Raw data: Begin

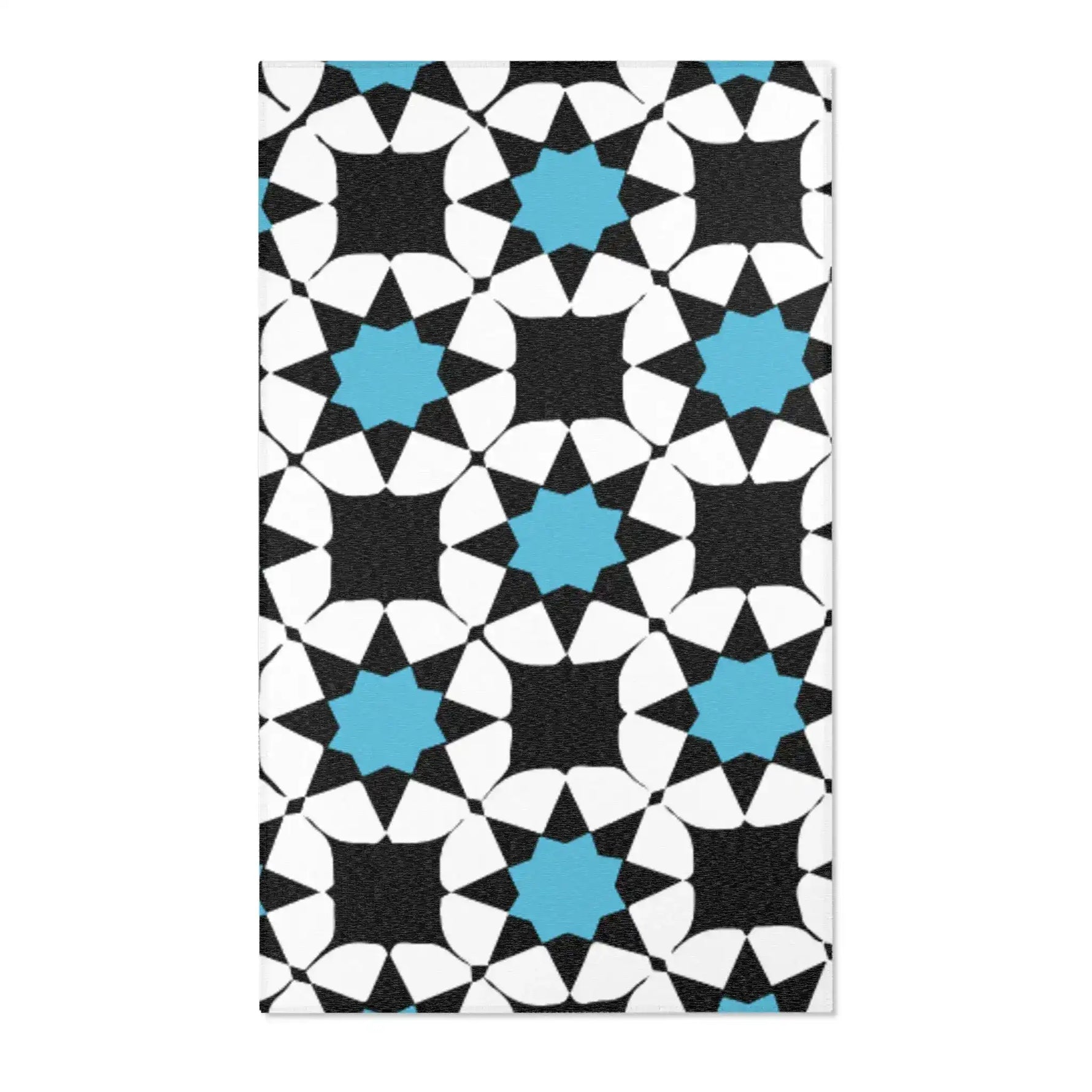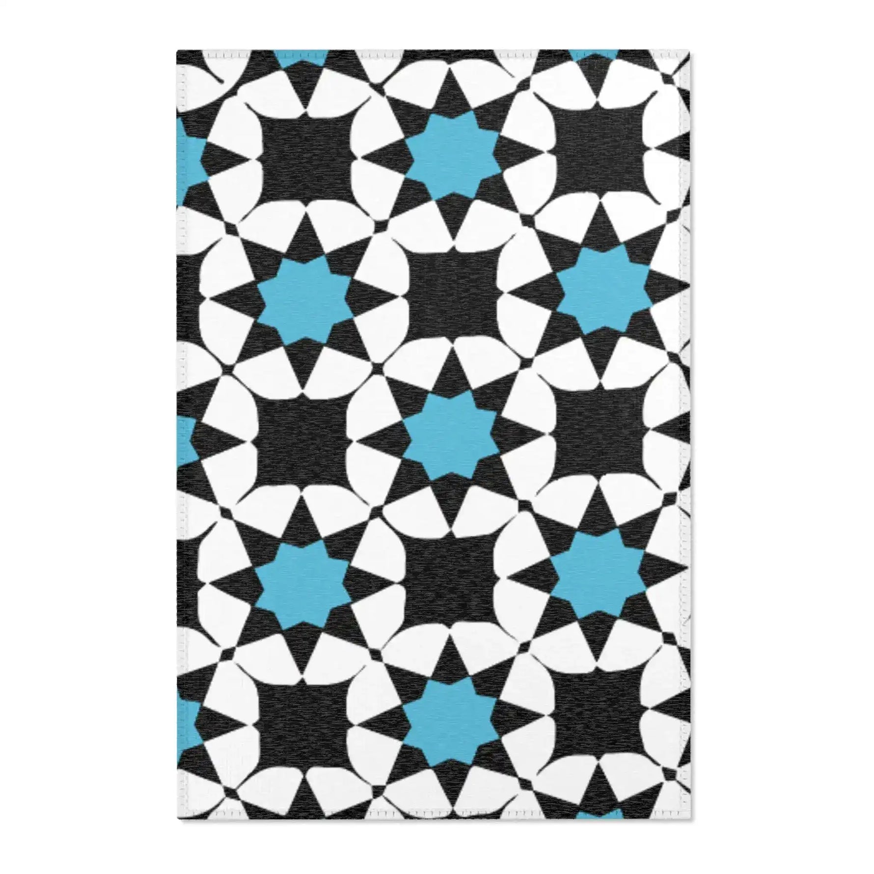 This accent rug features a bold, geometric sunburst design in black, red, and beige. The pattern radiates energy and vibrance, making it a striking addition to any room. The contrasting colors and dynamic shapes create a visually captivating piece that effortlessly enhances modern and artistic home decor.
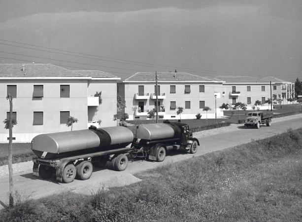 immagini su autobotti in ingresso e uscita, impianti, stazione di servizio (modello Mario Bacciocchi), edifici a schiera (probabili residenza dipendenti)
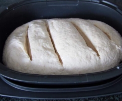 Nun vorsichtig in eine längliche Form bringen und in eine gefettete, leicht bemehlte Backform [welche auch immer ihr gerne nutzt] geben und 40 min gehen lassen.
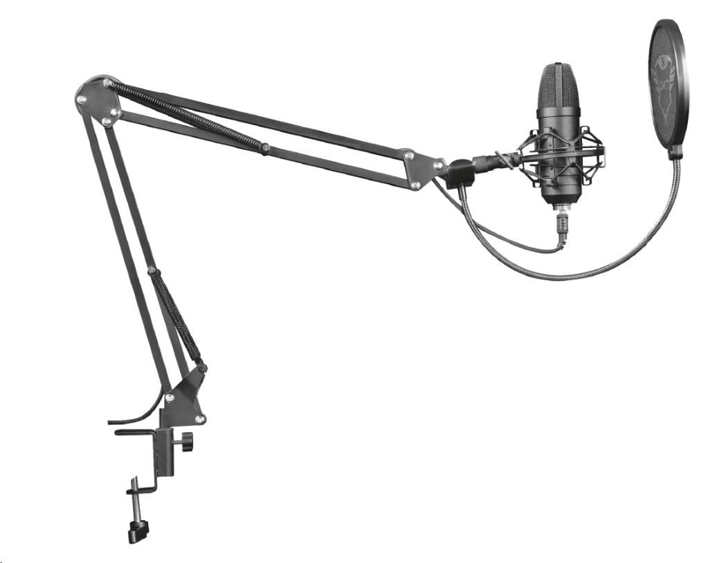 - Adjustable, desk mounting clamp to place the microphone in the most convenient position

Raw data: End

- [Directions] Please repeat, exactly as written, only the lines from the line with "Nun vorsichtig in" to the end of the data, leaving out every picture.

- [Completed task]
 Nun vorsichtig in eine längliche Form bringen und in eine gefettete, leicht bemehlte Backform [welche auch immer ihr gerne nutzt] geben und 40 min gehen lassen.
 - Adjustable, desk mounting clamp to place the microphone in the most convenient position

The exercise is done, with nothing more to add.